- _THE PROBLEM_:
Type the records that follow again exactly as written, but drop the pictures.
---------- INFORMATION GIVEN
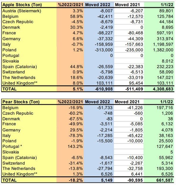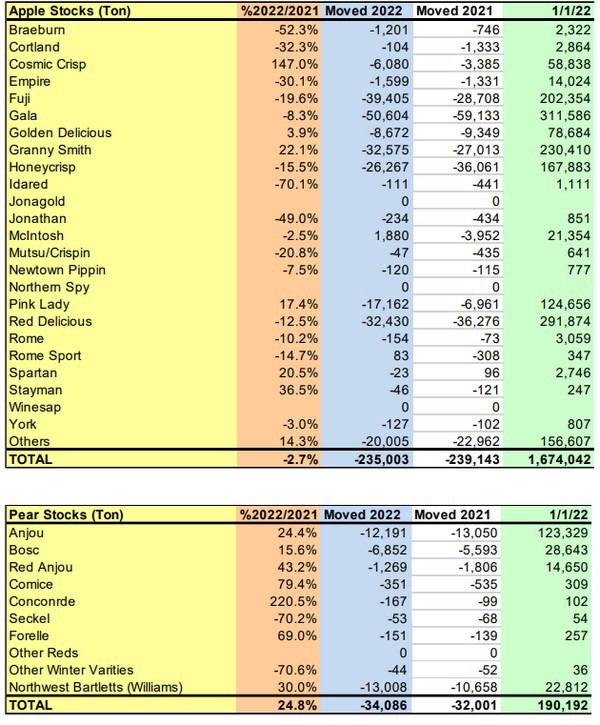 WAPA, l'associazione mondiale di pomacee, ha pubblicato i primi dati sulle scorte di mele e pere del 2022. Le cifre mostrano che in Europa gli stock di mele sono aumentate del 5,1% rispetto al 2021, raggiungendo 4.308.683 tonnellate al 1° gennaio 2022, mentre quelle di pere sono diminuite del 18,2% a 661.587 ton. Negli Stati Uniti, le scorte di mele al 1° gennaio 2022 erano di 1.674.042 tonnellate (-2,7% rispetto al 2021), mentre quelle di pere hanno raggiunto 190.192 ton (24,8% sopra il 2021).
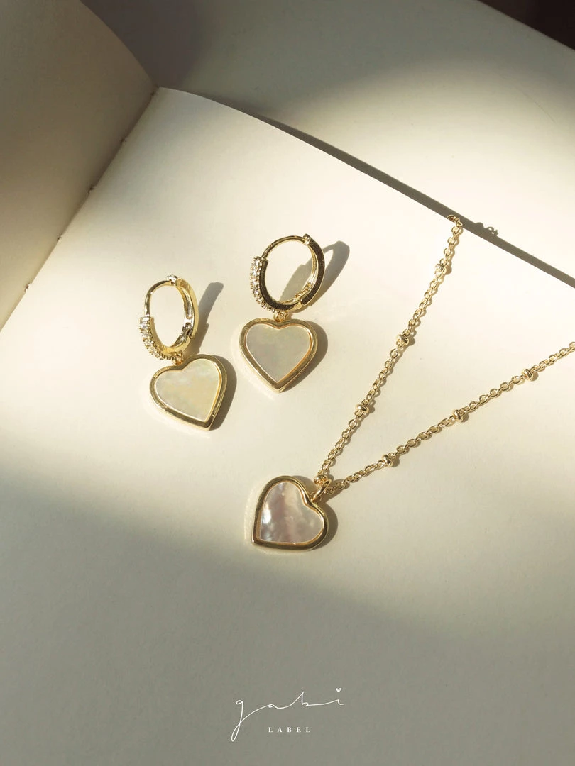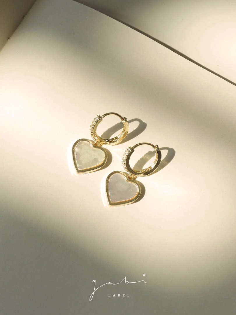 GABI STUDIO / Dainty heart shell pendants on sparkly pavé huggie-hoops.
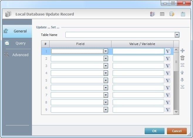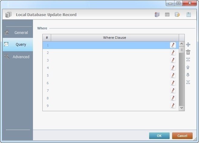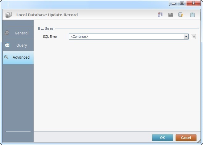 When you add a process, you are required to define its settings. This occurs in the process's properties window which is displayed automatically after having added the Local Database Update Record process. This properties window includes three tabs - "General", "Query" and "Advanced".
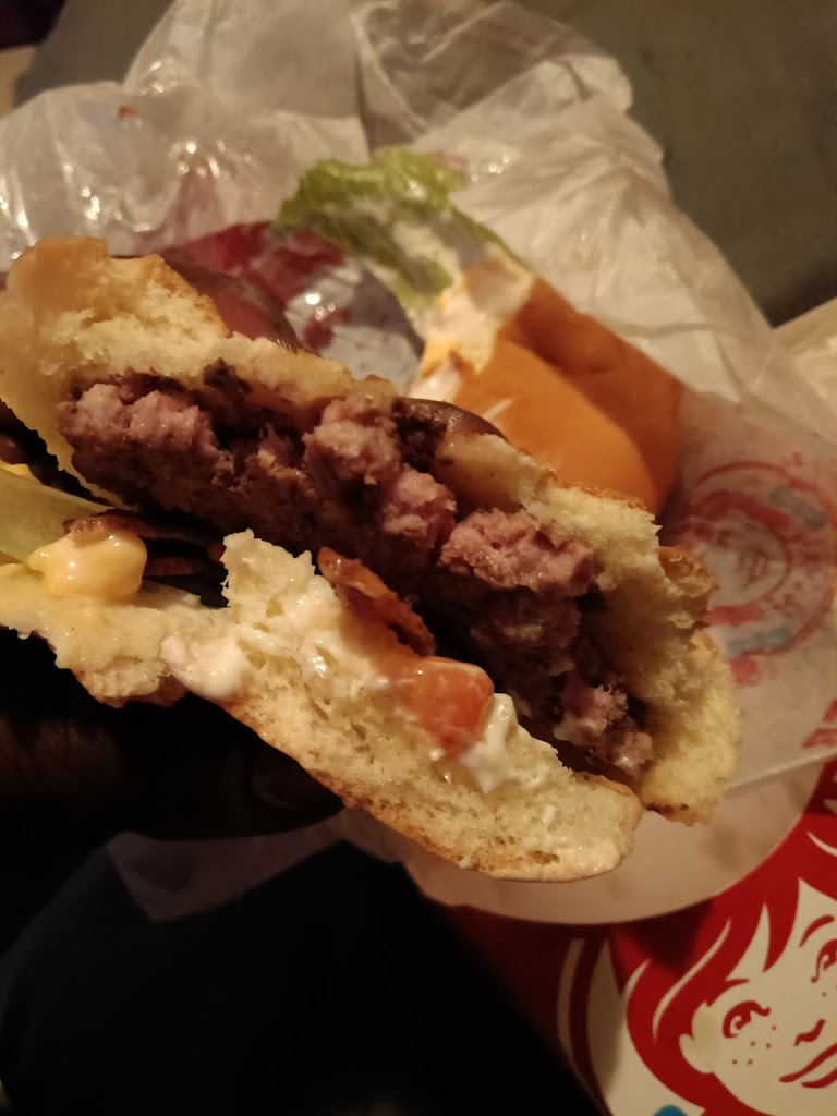 I do have to say this Wendy’s is seriously impressive. We pull up around 12:05 there’s about 4 cars in front of us. 12:15 no movement. 12:30 still, no movement. We begin to hear some intense honking and two workers come out. The guy ordering fell asleep in his car while ordering. Okay no biggie I understand, if you’re tired you’re tired right. Line moves up we’re waiting for another good 10 minutes before we get to the window to retrieve our amazing food. We get handed our iced tea, have a nice lil convo w the guy working, pay, and then wait. Waiting. Waiting. Waiting. 10 more minutes go by. No one in sight. 5 minutes later one of the workers is spotted. We thought it was for our food. Wrong. He was getting a little refresher for himself. Completely understandable. Another 10 minutes go by, we finally get our food. Burger was nice and room temperature, and fries were nice and cold with no salt(just how I like it). I do have to say I was so impressed. I never knew it was possible to spend almost a whole hour in a fast food drive through. Thank you to the Wendy’s staff, the guy who fell asleep, and everyone else who made the experience possible. I will definitely be back when I have nothing to do for a few hours.
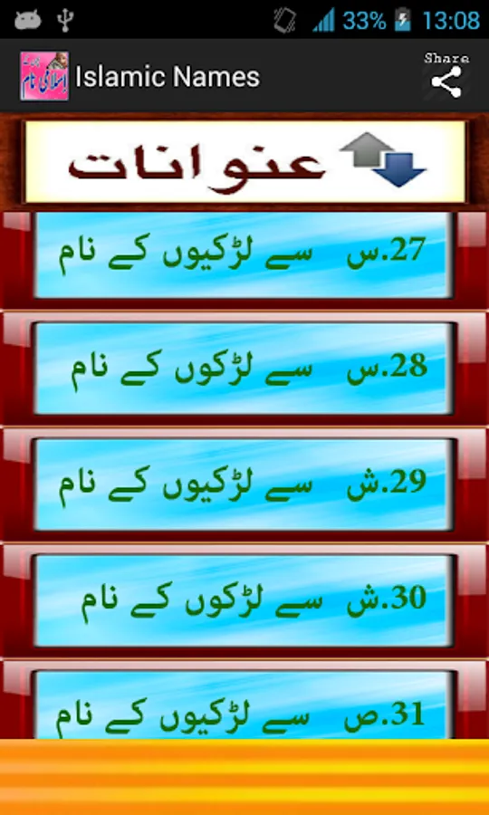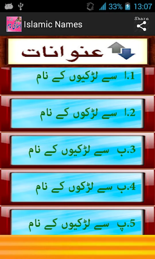 Go to the Menu and select option from the list alphabetically. This App only contains unique Islamic names. You can also find the language origin, meaning in Urdu and English phrase of desired names.
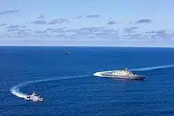 The USS Milwaukee (LCS-5) (right) with Jamaican Coast Guard ship HMJS Alexander Bustamante (left) conduct joint exercises supporting counter-illicit drug trafficking operations in 2022
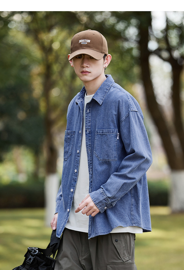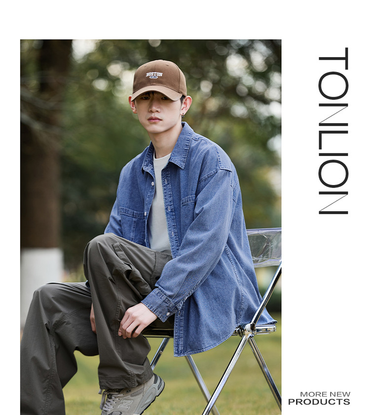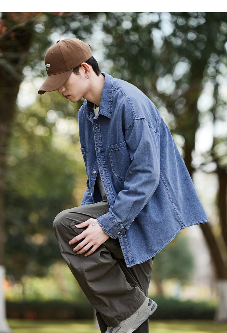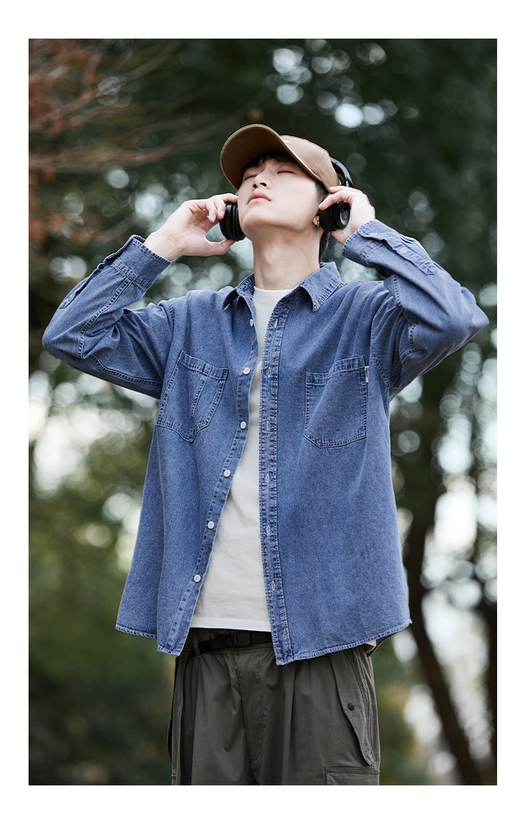 唐狮春秋季新款牛仔长袖衬衫男高级感日系休闲宽松百搭衬衣外套TJ
--------------------
- _ANSWER TO THIS TASK_:
 WAPA, l'associazione mondiale di pomacee, ha pubblicato i primi dati sulle scorte di mele e pere del 2022. Le cifre mostrano che in Europa gli stock di mele sono aumentate del 5,1% rispetto al 2021, raggiungendo 4.308.683 tonnellate al 1° gennaio 2022, mentre quelle di pere sono diminuite del 18,2% a 661.587 ton. Negli Stati Uniti, le scorte di mele al 1° gennaio 2022 erano di 1.674.042 tonnellate (-2,7% rispetto al 2021), mentre quelle di pere hanno raggiunto 190.192 ton (24,8% sopra il 2021).
 GABI STUDIO / Dainty heart shell pendants on sparkly pavé huggie-hoops.
 When you add a process, you are required to define its settings. This occurs in the process's properties window which is displayed automatically after having added the Local Database Update Record process. This properties window includes three tabs - "General", "Query" and "Advanced".
 I do have to say this Wendy’s is seriously impressive. We pull up around 12:05 there’s about 4 cars in front of us. 12:15 no movement. 12:30 still, no movement. We begin to hear some intense honking and two workers come out. The guy ordering fell asleep in his car while ordering. Okay no biggie I understand, if you’re tired you’re tired right. Line moves up we’re waiting for another good 10 minutes before we get to the window to retrieve our amazing food. We get handed our iced tea, have a nice lil convo w the guy working, pay, and then wait. Waiting. Waiting. Waiting. 10 more minutes go by. No one in sight. 5 minutes later one of the workers is spotted. We thought it was for our food. Wrong. He was getting a little refresher for himself. Completely understandable. Another 10 minutes go by, we finally get our food. Burger was nice and room temperature, and fries were nice and cold with no salt(just how I like it). I do have to say I was so impressed. I never knew it was possible to spend almost a whole hour in a fast food drive through. Thank you to the Wendy’s staff, the guy who fell asleep, and everyone else who made the experience possible. I will definitely be back when I have nothing to do for a few hours.
 Go to the Menu and select option from the list alphabetically. This App only contains unique Islamic names. You can also find the language origin, meaning in Urdu and English phrase of desired names.
 The USS Milwaukee (LCS-5) (right) with Jamaican Coast Guard ship HMJS Alexander Bustamante (left) conduct joint exercises supporting counter-illicit drug trafficking operations in 2022
 唐狮春秋季新款牛仔长袖衬衫男高级感日系休闲宽松百搭衬衣外套TJ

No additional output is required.